22 September 2013

About brick&mortar stores and synthethic brushes

This weekend I was thinking; "Hey, I have some 28mm Gothic Horror miniatures left, I may want to take a few and warm up my techniques so I'm back in my 28mm painting mindset when my Empire of the Dead kickstarter arrives".

So I pick up the minis and feel really inspired - I have a few ideas that I want to try out. Then I look at my paintbrush collection.... it's full of worn out 1 year old Kolinsky brushes that no longer offer any kind of precision. Then there is a pile of synthetic garbage that is less than a month old and which I bought out of sheer desperation. All of them having - split or bent hairs having served in but a few painting sessions. Complete garbage.

I also noticed that many of the standard paints that I basecoat and use as a foundation for many custom colors (I predominantly mix my own paints instead of buying every single shade) are nearly spent.

But I'm thinking, "No problem because I have two brick&mortar stores within driving distance".

On my way into town I remember that one of the stores is run and staffed by complete idiots (no seriously) who prefer to play Yu-Gi-Oh and Pokemon on the checkout counter with their friends instead of serving the customers. I shit you not, it's like a daycare center for the feeble minded. If there ever is an equivalent to Gordon Ramsay’s Kitchen Nightmares for wargame stores I will submit their name and address so that a guy with Tourette’s can go there and tear them apart.

Then I also remember, that they only sell Games Workshop/Citadel paints and those sad excuses of paintbrushes from GW that while true enough not being synthetic - have the quality comparable to crayons when you are looking for a rollerball pen. Since I'm looking for Vallejo Paints and pro-brushes that store is struck from my list and I probably save some teeth grinding as well..
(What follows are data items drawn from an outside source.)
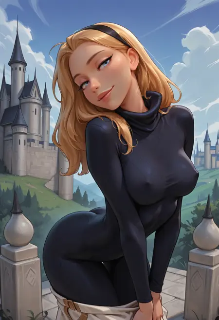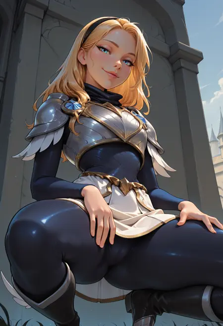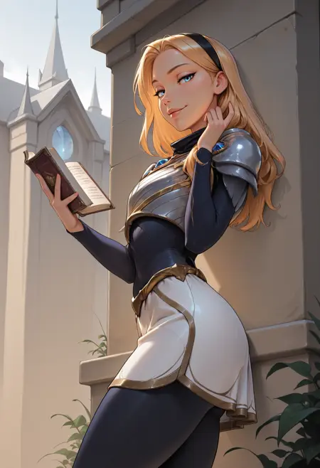 luxil, 长发, 蓝眼睛, 裙子, 金发, 长袖, 发带, 护甲, 连体衣, 黑色连体衣, (蓝色连体衣:0.8), 裤子, 黑色发带, 过膝靴, 宝石, 胸甲, 肩甲, 白色裙子, 嘴唇,
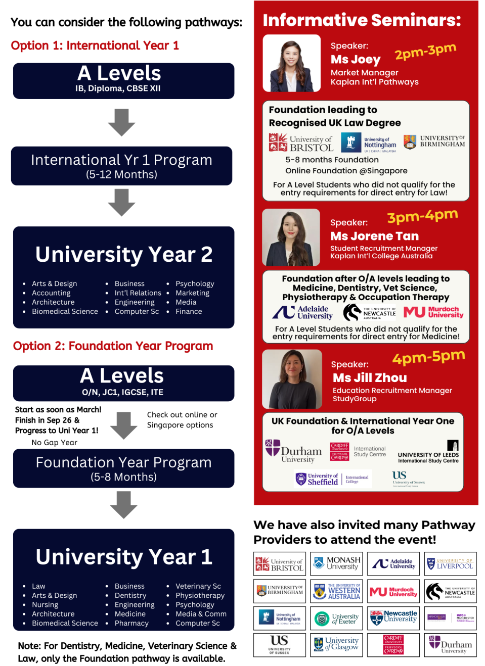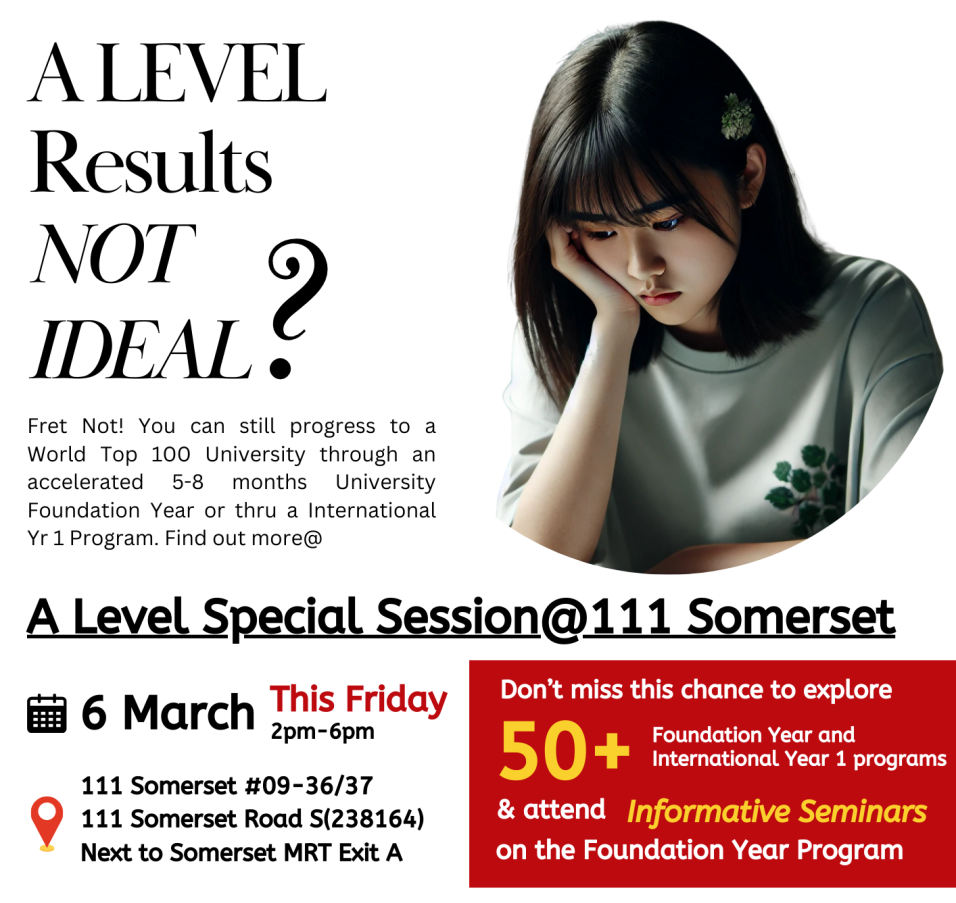 Fret Not! You can still have a second chance thru Foundation Programs or International Yr 1. Foundation Year Program is an fast-track option which leads you directly to the first year of university in just 5-8 months. Alternatively, an 8-month International Year One Program provides a direct path to the second year.
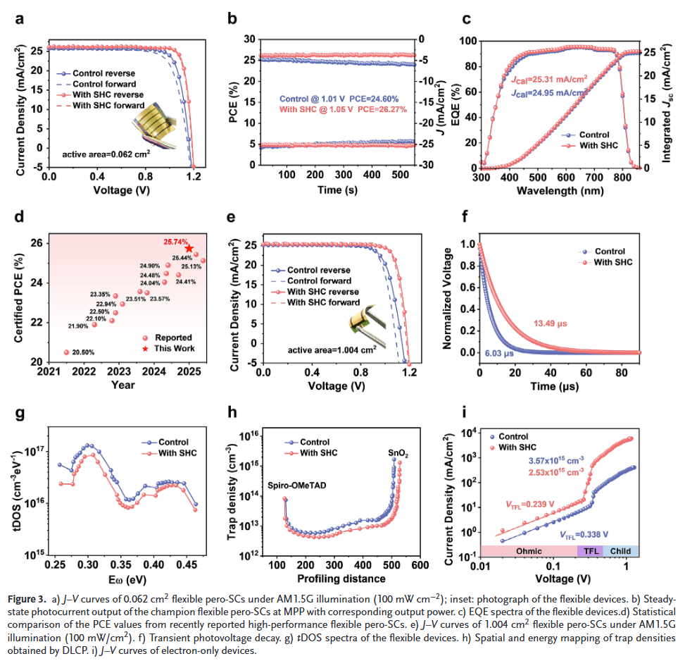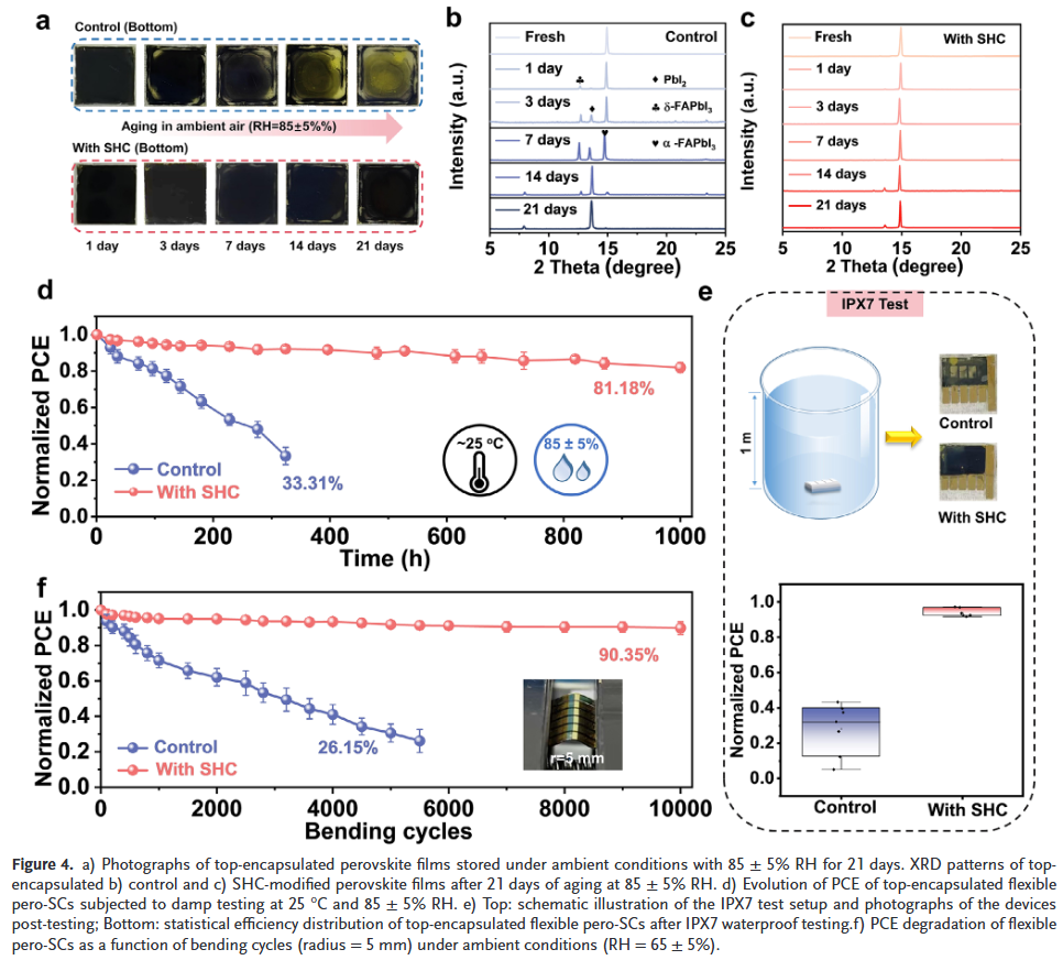 3. 高效率与高稳定性兼具:柔性器件实现26.38%的创纪录效率(认证25.74%),并在85%湿度下保持超过1000小时的T80寿命,同时通过IPX7防水认证,兼具优异的机械弯曲稳定性。
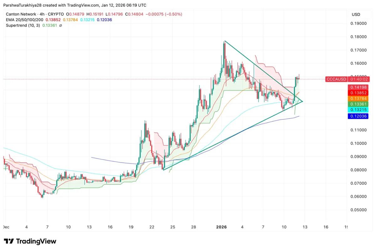 CC 价格在 0.14804 美元附近盘整,形成 0.13 美元至 0.15 美元之间的对称三角形,此前在 12 月下旬曾飙升至 0.18 美元。0.13852 美元、0.13784 美元、0.13215 美元和 0.12036 美元的 EMA 均线紧密聚集。0.13361 美元的超级趋势线提供支撑。
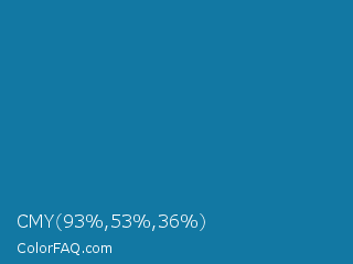 CMY 93,53,36 Color is a normal blue color and the nearest color is Allports #0076a3. Hex code #1278a3 and RGB value is rgb(18,120,163). In RGB color space, this color is composed of 7% red, 47% green, 64% blue, In CMYK color space, this color is composed of 89% cyan, 26% magenta, 0% yellow , 36% black , In HSL color space, this color has a hue angle of 198° , 80% saturation and 35% lightness.
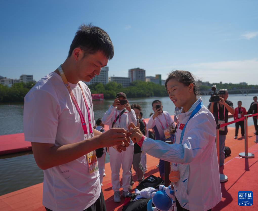 11月28日,何國潤(右)的男朋友向她求婚。當(dāng)日,在海南省三亞市舉行的第十二屆全國少數(shù)民族傳統(tǒng)體育運(yùn)動會獨(dú)竹漂女子組200米直道賽頒獎儀式后,海南隊(duì)選手何國潤的男朋友在頒獎儀式現(xiàn)場向她求婚,上演溫情一幕。新華社發(fā)(杜笑微 攝)
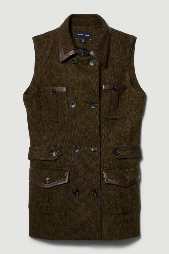 This heritage tweed piece lends timeless appeal to your everyday rotation. This sophisticated sleeveless jacket is crafted from a tweed composition and features signature Karen Millen embossed buttons and classic flap pockets with leather-lined details for a premium finish. Layer over a long-sleeved turtle neck jumper and leather trousers for an elevated everyday look.
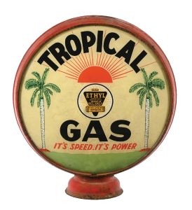 Rare Tropical Gas ‘It’s Speed It’s Power’ single 15in globe lens with attractive double-palm-tree and sunburst graphic, on original low-profile metal body. One of only two known examples of its type. Originally found in Florida complete, but subsequently split into halves. Represents unknown independent brand with no known history other than its origin being in Florida. Condition: 8.75+. Estimate: $15,000-$30,000
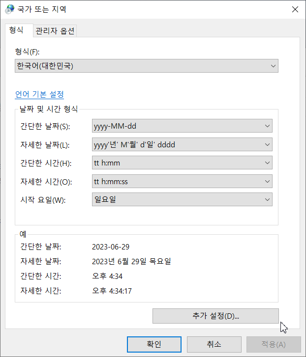 [국가 또는 지역] 대화상자에서 [형식] 탭을 선택하고 아래 [추가 설정]을 선택합니다.
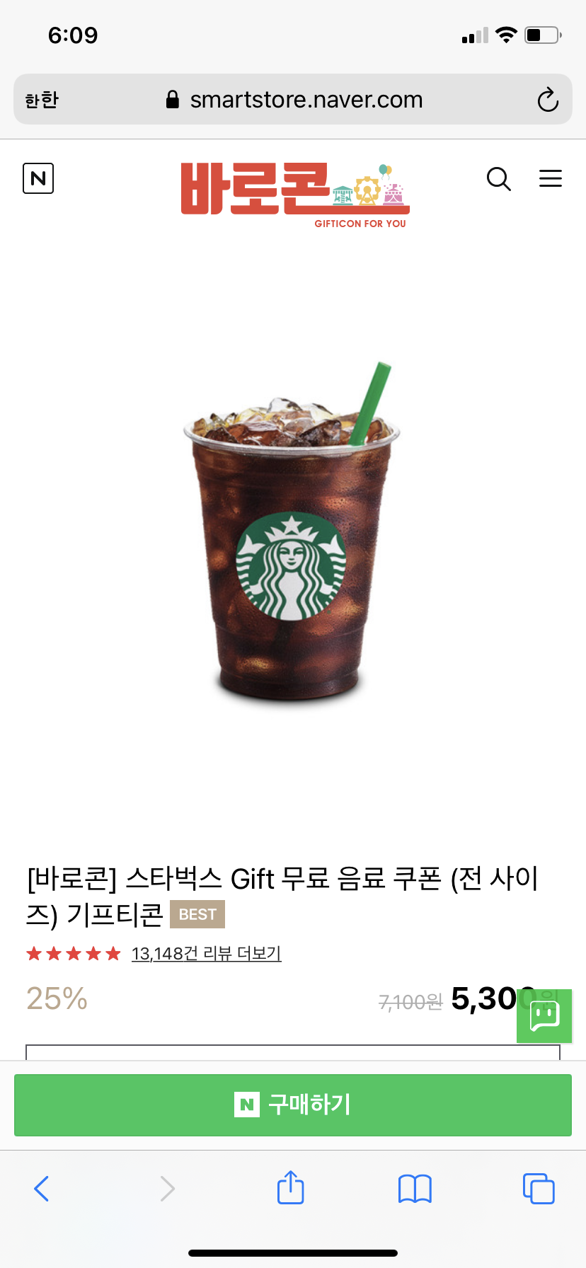 네이버 페이에서 구매 가능하다. 5300원으로 모든 음료 사이즈 상관없이 구매할 수 있다. 또한 나중에 바로콘구매 시 포인트도 적립 가능하니 쏠쏠하게 사용가능하다.
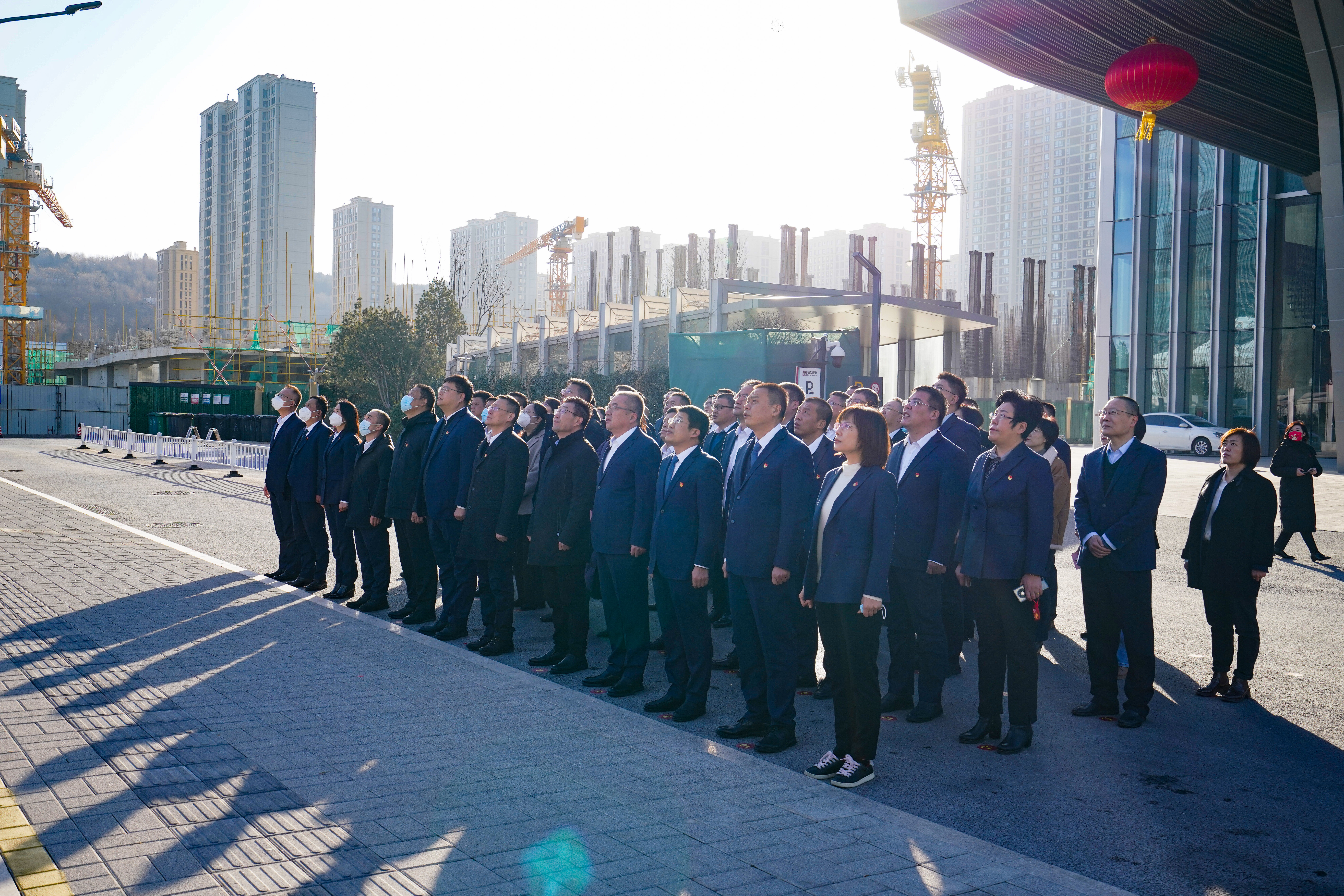 在建设大厦一楼大厅,集团领导代表集团党委、董事会,向全体职工致以新春的问候和祝福,并表示,新一年的工作已经全面开启,希望大家迅速收心、调整状态,切实把思想和行动统一到集团党委的各项决策部署上来,全力以赴投入新年各项工作中。

The second brick&mortar store in town is generally a place I like and where I do most of my hobby supply purchases. However, over the last couple of years it has dipped in quality in regard to item availability and products stocked. They have been out of Kolinsky brushes for 3 years due to their normal supplier no longer having them on their list (something I ask about every time I visit). So no Kolinsky brushes here either. And what alternatives are there – well - synthetic garbage and Games Workshop crap brushes of course. No brushes to be bought in this store either. I go over to the paint rack hoping at least I can buy some of the paints on my list. The paint rack looks as if it had been assaulted by a person with uncontrollable body spasms a minute prior to my arrival. Of course all standard paints that people use the most are gone (white, dark brown, matt black etc) and not available. No... they have to be ordered from the supplier and there is no telling when they may be available again in the store I learn.

Bummed out, and not for the first time either, it's an empty handed drive back home while I wonder "Why do I even bother?".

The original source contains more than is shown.